7. The method as described in claim 6, characterized in that, The loss function value is the sum of the target center point position loss function value, the intra-frame target box offset position loss function value, the target box size loss function value, and the inter-frame target box displacement prediction loss function value; in, The target center point location loss function value is calculated using the focus loss function. The intra-frame target box offset position loss function value is calculated using the first mean absolute error loss function. The target bounding box size loss function value is calculated using the second mean absolute error loss function. The inter-frame target box displacement prediction loss function value is calculated using the third mean absolute error loss function.

8. The method as described in claim 5, characterized in that, The normalization process for the decomposed eigenvalues ​​in the decomposed feature matrix includes: For any eigenvalue in the decomposition characteristic matrix: Calculate the first difference between the decomposed eigenvalue and the smallest decomposed eigenvalue in the decomposed eigenma matrix. Calculate the second difference between the largest and smallest eigenvalues ​​in the decomposed feature matrix. Calculate the ratio between the first difference and the second difference to obtain the normalized result of the decomposed eigenvalue.

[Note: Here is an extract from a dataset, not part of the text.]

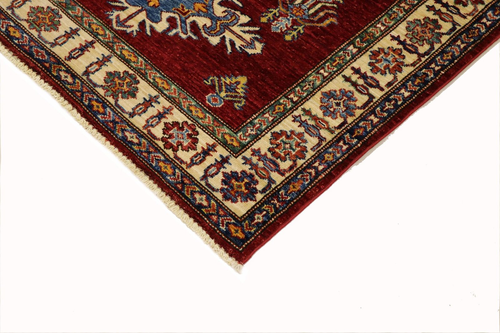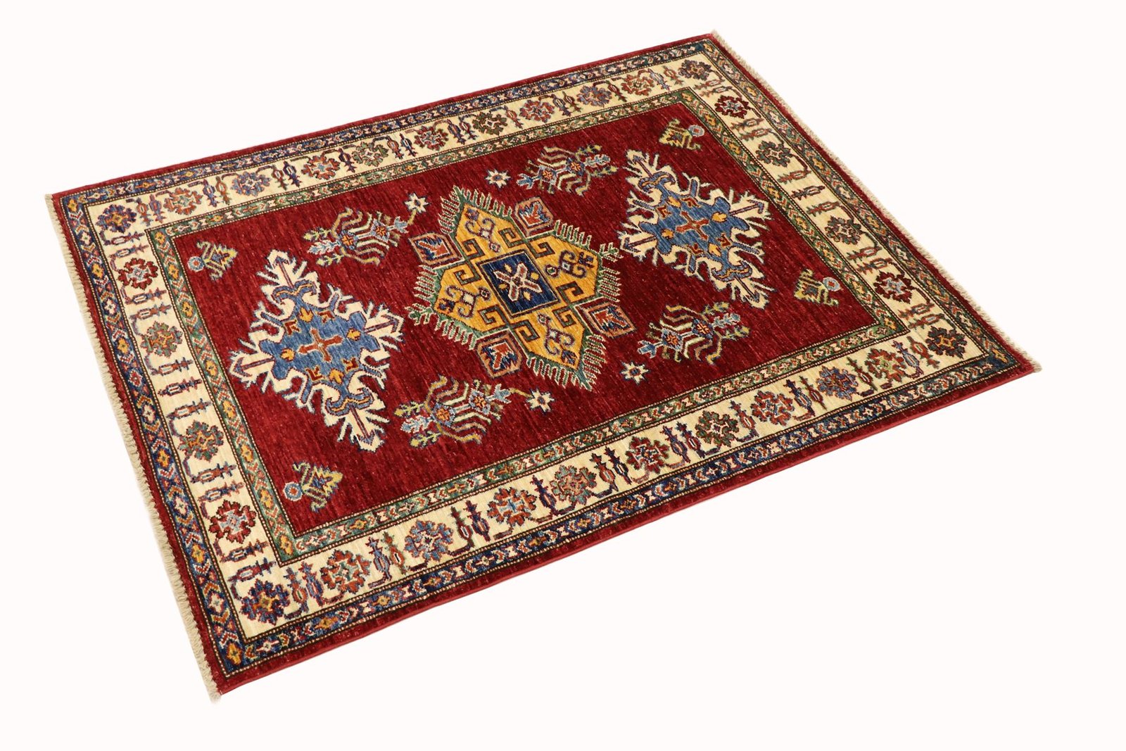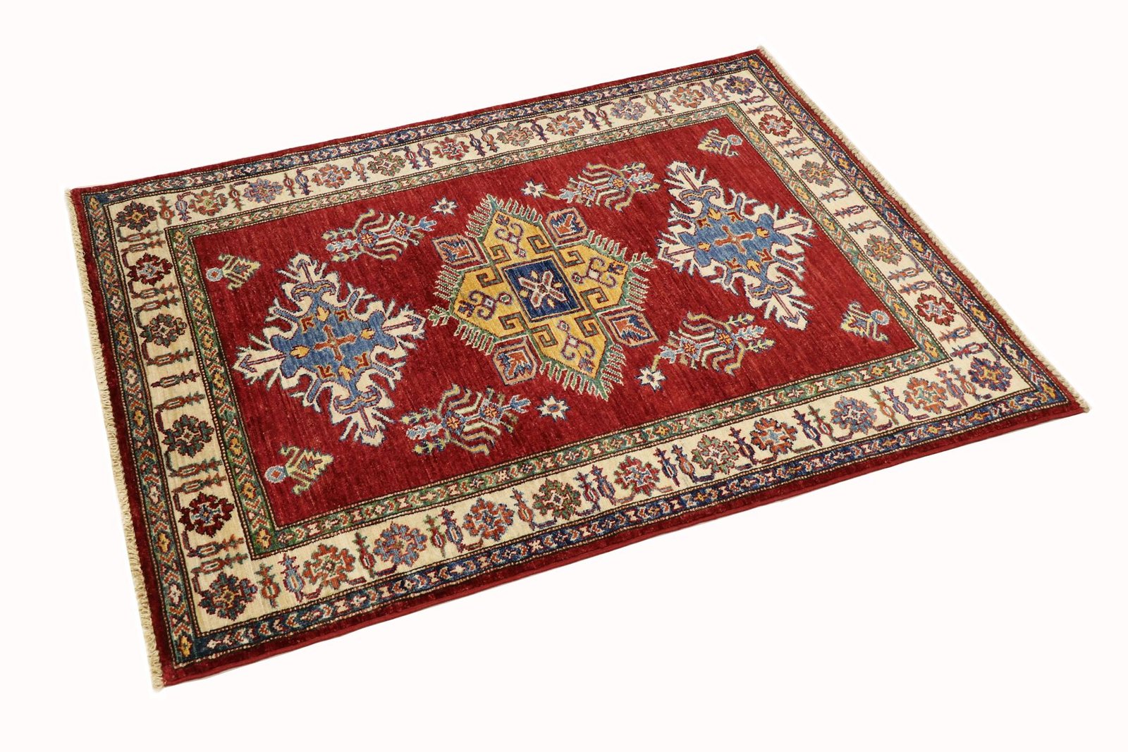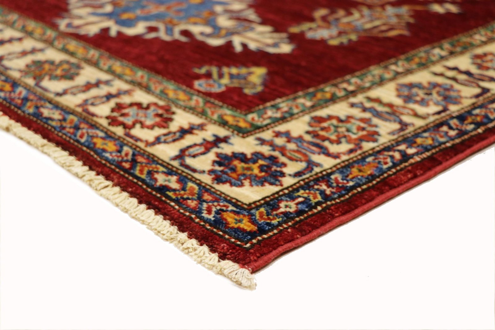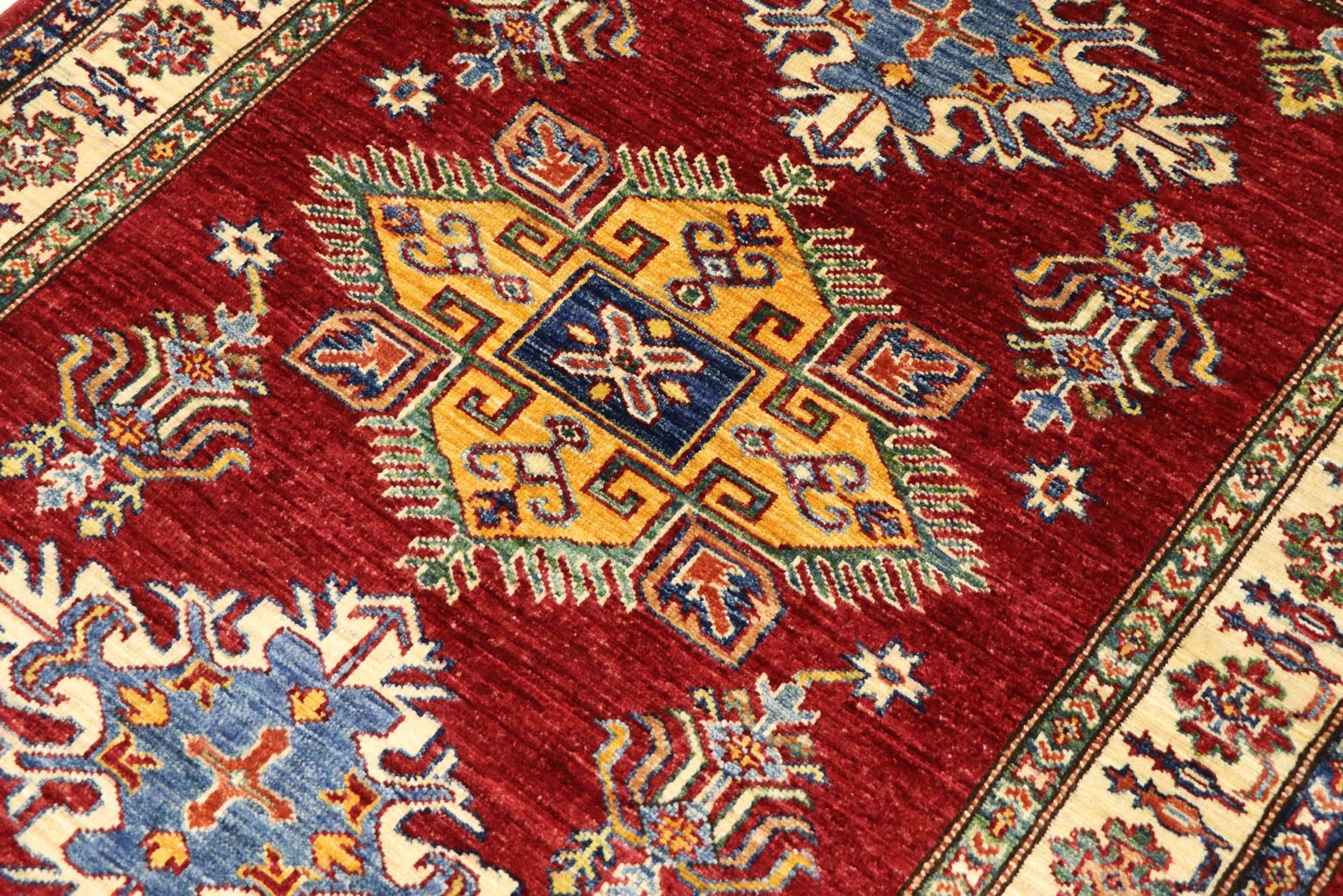 This hand-knotted Caucasian-style Kazak rug impresses with its high durability and vibrant colours. It embodies the centuries-old tradition of Caucasian rug knotting and features an impressive blend of simple shapes and vibrant colours. Among Oriental rugs, this Kazak is particularly sought after, both in the Orient and in Europe. The skilful combination of simplicity and colour accents makes it perfect for modern interiors. Its design and quality allow it to be integrated into a variety of living styles and contribute to cultural authenticity and aesthetic elegance.

9. The method as described in claim 5, characterized in that, The determination of the weights for each normalized eigenvalue includes: For any normalized eigenvalue: The weight of the exponential function value of the normalized eigenvalue is obtained by calculating the ratio between the exponential function value of the normalized eigenvalue and the sum of the exponential function values ​​of each normalized eigenvalue in the decomposed eigenvalue matrix. The step of obtaining the information entropy of the convolutional layer using the weights of each normalized feature value includes: The weights of the exponential function value for any normalized eigenvalue of this convolutional layer. Calculate the self-information of the weights of the exponential function value of the normalized eigenvalue. The average value of the self-information is calculated by taking the exponential function value of all normalized feature values ​​of the convolutional layer as random variables; Obtain the information entropy of the convolutional layer.

10. A target detection and tracking device based on a pruned neural network model, characterized in that, The device includes: The image acquisition module is used to acquire continuous images to be detected, and from the continuous images to be detected, to acquire the current image frame, the previous image frame, and a heatmap of the target to be detected in the previous image frame, wherein the heatmap is used to characterize the center point location information of the target to be detected. The neural network model module is used to process the acquired current image frame, previous image frame, and heatmap using a trained pruned neural network model. It obtains the target center point position, intra-frame target box offset position, target box size, and inter-frame target box displacement prediction from the output of the trained pruned neural network model. The association module is used to determine the target detection and tracking results based on the target center point position in each current image frame, the target box offset position within the frame, the target box size, and the target box displacement prediction between frames; in, The pruned neural network model is obtained in the following manner: For an incompletely trained neural network model with at least one convolutional layer, filter pruning is performed on the filters in each convolutional layer according to the pruning rate configured by the information entropy corresponding to each convolutional layer. Here, information entropy is used to characterize the importance of the filters in the convolutional layer.